» Source material
--- START ---
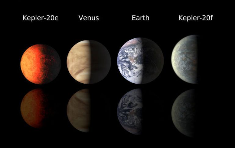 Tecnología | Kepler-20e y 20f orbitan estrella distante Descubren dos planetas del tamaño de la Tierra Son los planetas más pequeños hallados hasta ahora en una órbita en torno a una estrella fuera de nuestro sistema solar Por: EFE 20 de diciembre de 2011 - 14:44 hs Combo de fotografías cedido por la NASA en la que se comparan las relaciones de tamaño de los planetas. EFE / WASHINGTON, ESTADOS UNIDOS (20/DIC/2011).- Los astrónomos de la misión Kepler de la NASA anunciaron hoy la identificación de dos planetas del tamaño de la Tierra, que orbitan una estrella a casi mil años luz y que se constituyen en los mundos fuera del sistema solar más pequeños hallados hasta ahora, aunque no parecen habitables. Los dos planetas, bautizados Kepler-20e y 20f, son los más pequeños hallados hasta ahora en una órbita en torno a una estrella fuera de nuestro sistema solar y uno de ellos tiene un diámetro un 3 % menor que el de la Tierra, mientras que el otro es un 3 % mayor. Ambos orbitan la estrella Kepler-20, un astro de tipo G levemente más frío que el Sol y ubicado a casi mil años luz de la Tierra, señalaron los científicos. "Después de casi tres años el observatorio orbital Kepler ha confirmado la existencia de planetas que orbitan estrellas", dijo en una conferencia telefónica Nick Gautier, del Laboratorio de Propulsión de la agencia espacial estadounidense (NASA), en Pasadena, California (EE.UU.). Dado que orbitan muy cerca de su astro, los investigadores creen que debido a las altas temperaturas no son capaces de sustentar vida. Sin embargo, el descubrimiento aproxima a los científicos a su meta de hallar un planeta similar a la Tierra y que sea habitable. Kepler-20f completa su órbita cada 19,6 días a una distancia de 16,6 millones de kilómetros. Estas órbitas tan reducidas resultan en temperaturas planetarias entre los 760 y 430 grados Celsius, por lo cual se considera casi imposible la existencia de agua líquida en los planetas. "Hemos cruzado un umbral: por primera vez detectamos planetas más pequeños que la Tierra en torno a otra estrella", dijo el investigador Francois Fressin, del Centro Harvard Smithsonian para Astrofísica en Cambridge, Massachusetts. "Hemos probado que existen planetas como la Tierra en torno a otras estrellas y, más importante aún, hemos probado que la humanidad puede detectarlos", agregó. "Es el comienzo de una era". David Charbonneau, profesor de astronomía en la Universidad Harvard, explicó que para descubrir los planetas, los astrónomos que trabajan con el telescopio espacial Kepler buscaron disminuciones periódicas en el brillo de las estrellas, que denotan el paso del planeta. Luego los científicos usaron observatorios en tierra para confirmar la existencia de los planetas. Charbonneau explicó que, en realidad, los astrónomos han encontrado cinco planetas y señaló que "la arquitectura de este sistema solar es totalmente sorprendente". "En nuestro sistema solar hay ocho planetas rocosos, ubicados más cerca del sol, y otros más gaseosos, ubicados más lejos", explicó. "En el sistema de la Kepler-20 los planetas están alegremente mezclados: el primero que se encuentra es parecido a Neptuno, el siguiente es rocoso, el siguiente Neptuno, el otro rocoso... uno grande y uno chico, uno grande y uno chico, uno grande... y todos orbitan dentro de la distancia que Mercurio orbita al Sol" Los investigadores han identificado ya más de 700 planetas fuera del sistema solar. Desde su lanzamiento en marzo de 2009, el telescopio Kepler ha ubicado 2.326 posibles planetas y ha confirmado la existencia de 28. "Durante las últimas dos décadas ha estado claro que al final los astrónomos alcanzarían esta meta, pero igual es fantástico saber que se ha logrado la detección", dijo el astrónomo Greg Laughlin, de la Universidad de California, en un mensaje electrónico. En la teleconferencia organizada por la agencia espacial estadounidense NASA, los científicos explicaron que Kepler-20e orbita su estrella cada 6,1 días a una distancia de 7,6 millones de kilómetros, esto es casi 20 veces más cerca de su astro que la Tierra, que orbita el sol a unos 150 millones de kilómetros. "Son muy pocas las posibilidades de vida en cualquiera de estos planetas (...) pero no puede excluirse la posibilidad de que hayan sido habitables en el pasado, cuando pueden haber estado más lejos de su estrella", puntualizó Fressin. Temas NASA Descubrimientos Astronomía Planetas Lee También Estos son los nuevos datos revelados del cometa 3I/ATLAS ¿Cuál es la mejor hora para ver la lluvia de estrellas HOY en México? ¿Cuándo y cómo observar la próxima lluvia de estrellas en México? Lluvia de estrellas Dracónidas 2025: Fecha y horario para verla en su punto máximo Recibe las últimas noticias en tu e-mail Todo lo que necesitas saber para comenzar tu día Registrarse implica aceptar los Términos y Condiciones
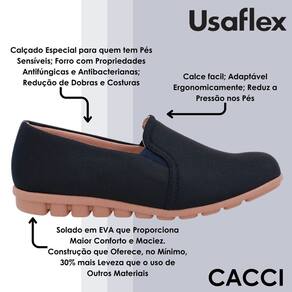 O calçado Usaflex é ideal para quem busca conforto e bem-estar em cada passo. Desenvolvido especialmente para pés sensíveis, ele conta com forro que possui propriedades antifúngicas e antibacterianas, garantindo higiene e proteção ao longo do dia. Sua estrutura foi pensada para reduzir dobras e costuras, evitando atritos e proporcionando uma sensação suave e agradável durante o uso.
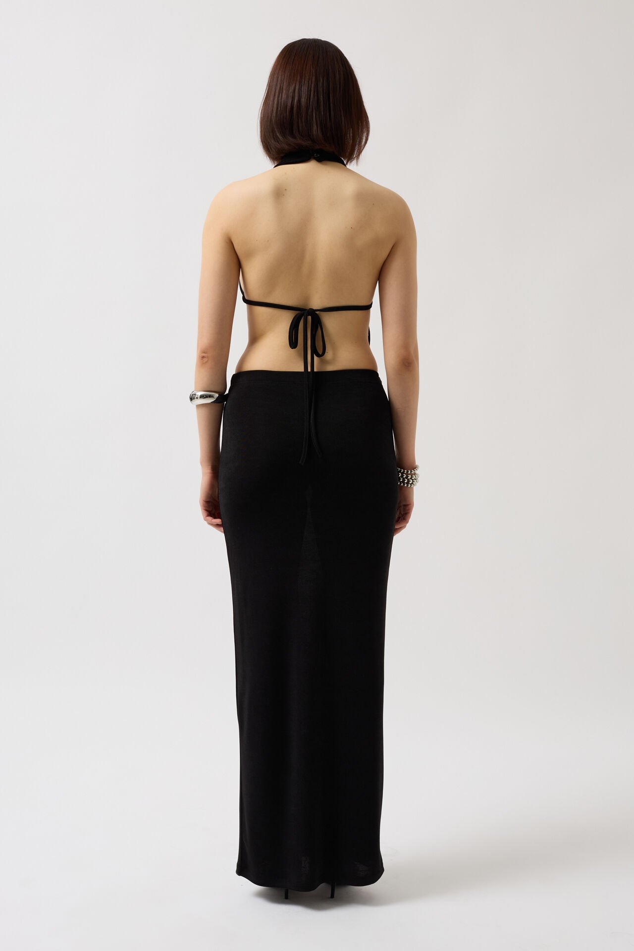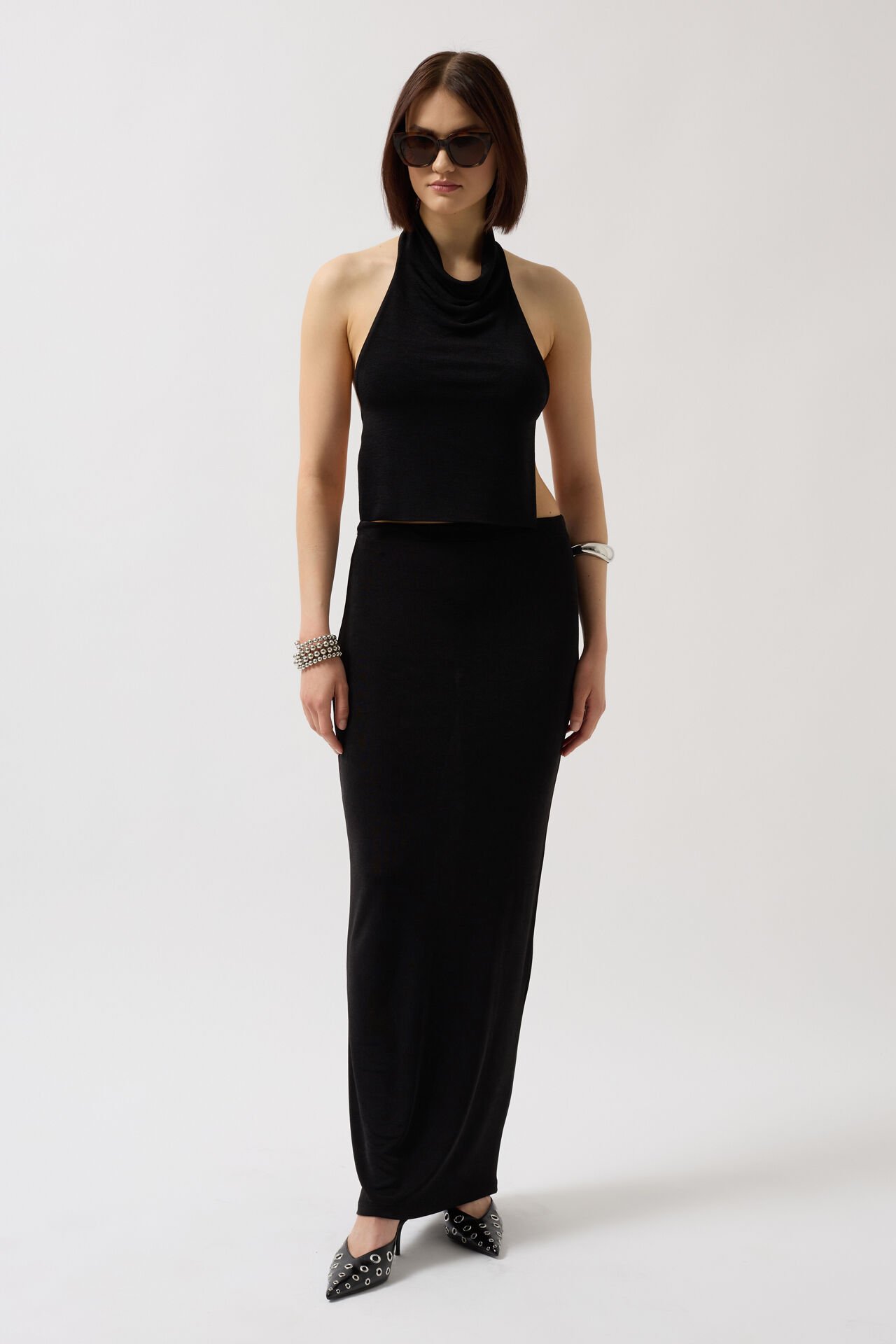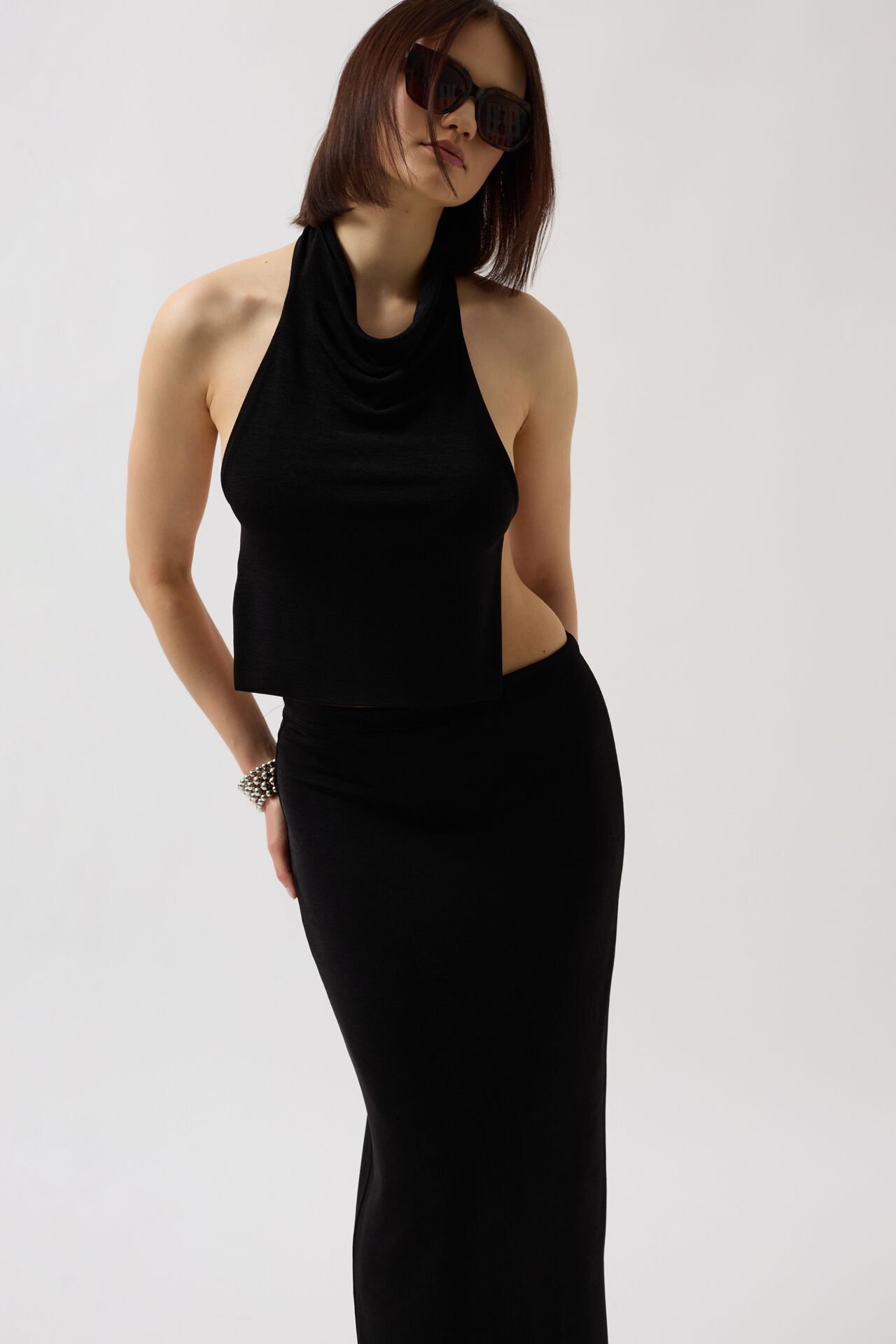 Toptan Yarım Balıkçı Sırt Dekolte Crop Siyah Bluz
--- END ---
--- START ---
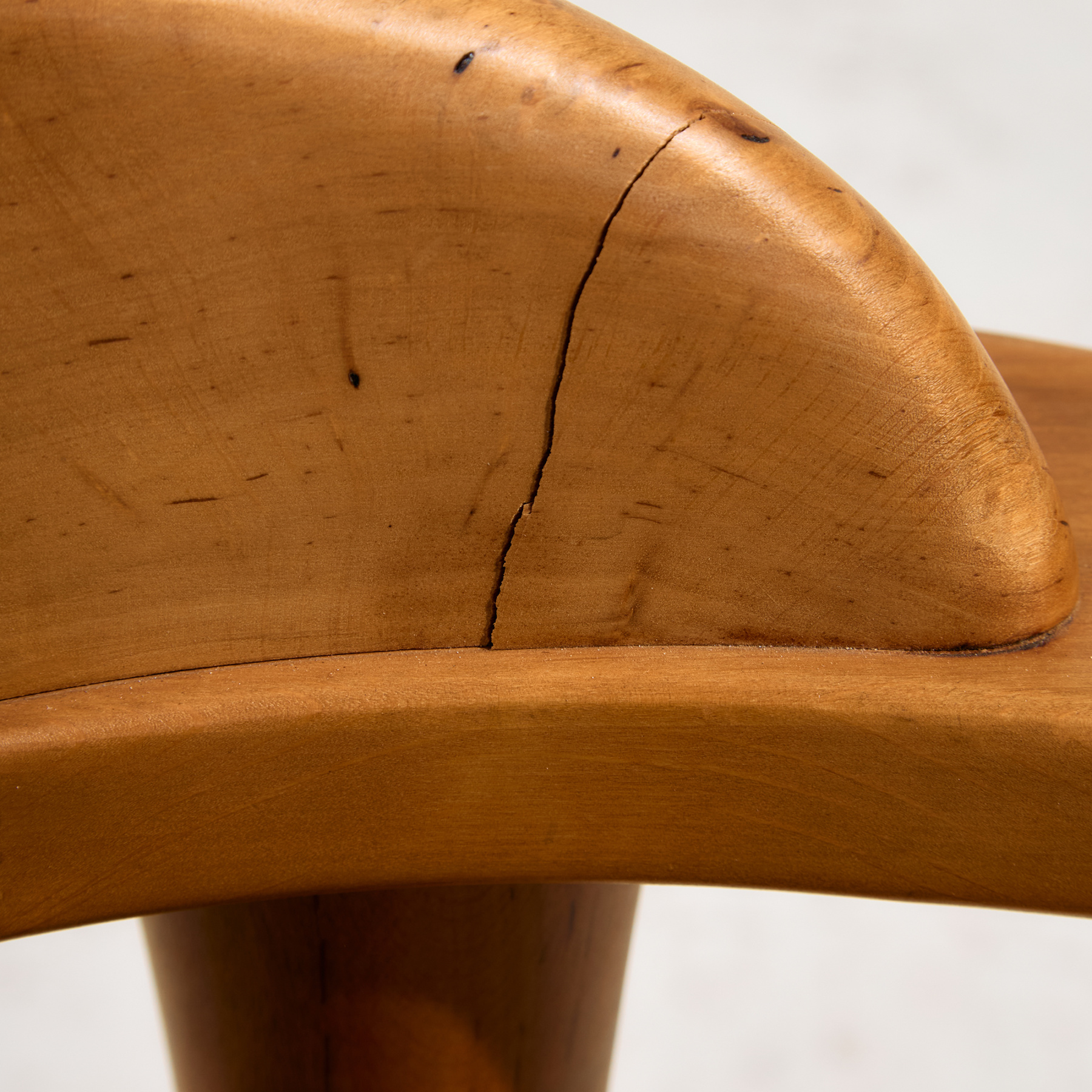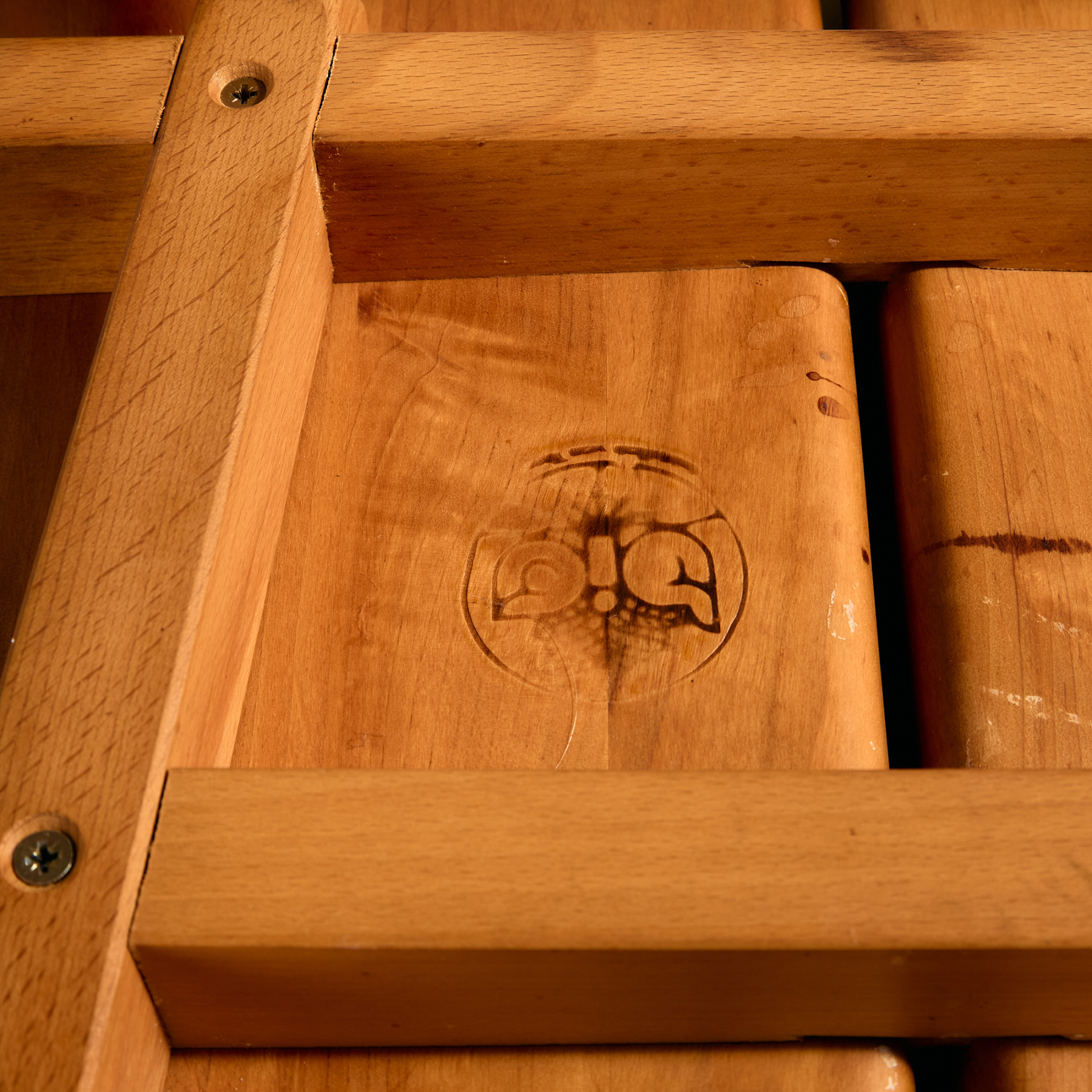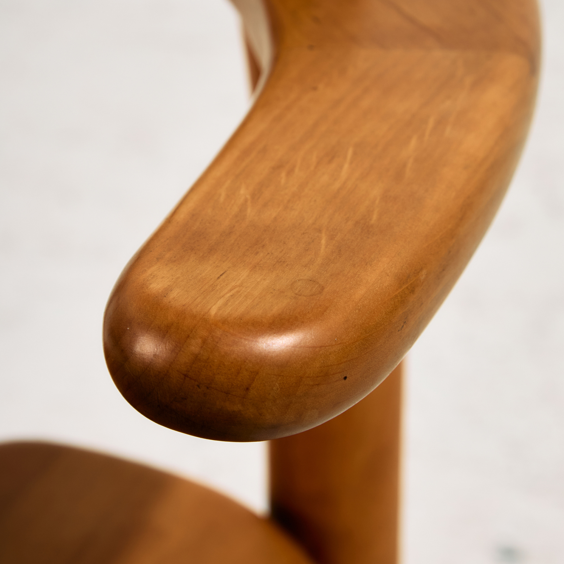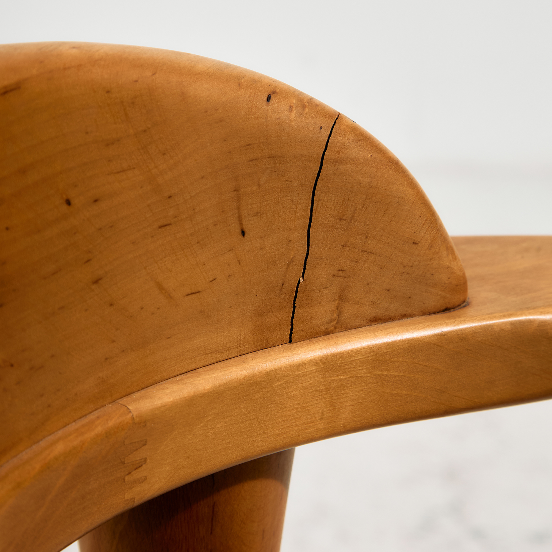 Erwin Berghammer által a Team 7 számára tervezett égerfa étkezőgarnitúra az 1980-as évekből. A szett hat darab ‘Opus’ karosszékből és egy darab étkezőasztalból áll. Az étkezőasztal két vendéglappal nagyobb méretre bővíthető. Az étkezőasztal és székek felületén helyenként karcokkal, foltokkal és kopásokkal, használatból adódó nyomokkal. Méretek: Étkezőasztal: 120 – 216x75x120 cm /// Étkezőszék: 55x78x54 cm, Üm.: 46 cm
--- END ---
--- START ---
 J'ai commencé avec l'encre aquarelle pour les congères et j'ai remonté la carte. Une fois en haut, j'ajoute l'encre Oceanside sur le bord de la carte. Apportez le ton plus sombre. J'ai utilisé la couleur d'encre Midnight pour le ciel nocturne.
--- END ---
"O calçado Usaflex" marks the first line to copy, and "Toptan Yarım Balıkçı" marks the last. Repeat that stretch above exactly, with no pictures.

 O calçado Usaflex é ideal para quem busca conforto e bem-estar em cada passo. Desenvolvido especialmente para pés sensíveis, ele conta com forro que possui propriedades antifúngicas e antibacterianas, garantindo higiene e proteção ao longo do dia. Sua estrutura foi pensada para reduzir dobras e costuras, evitando atritos e proporcionando uma sensação suave e agradável durante o uso.
 Toptan Yarım Balıkçı Sırt Dekolte Crop Siyah Bluz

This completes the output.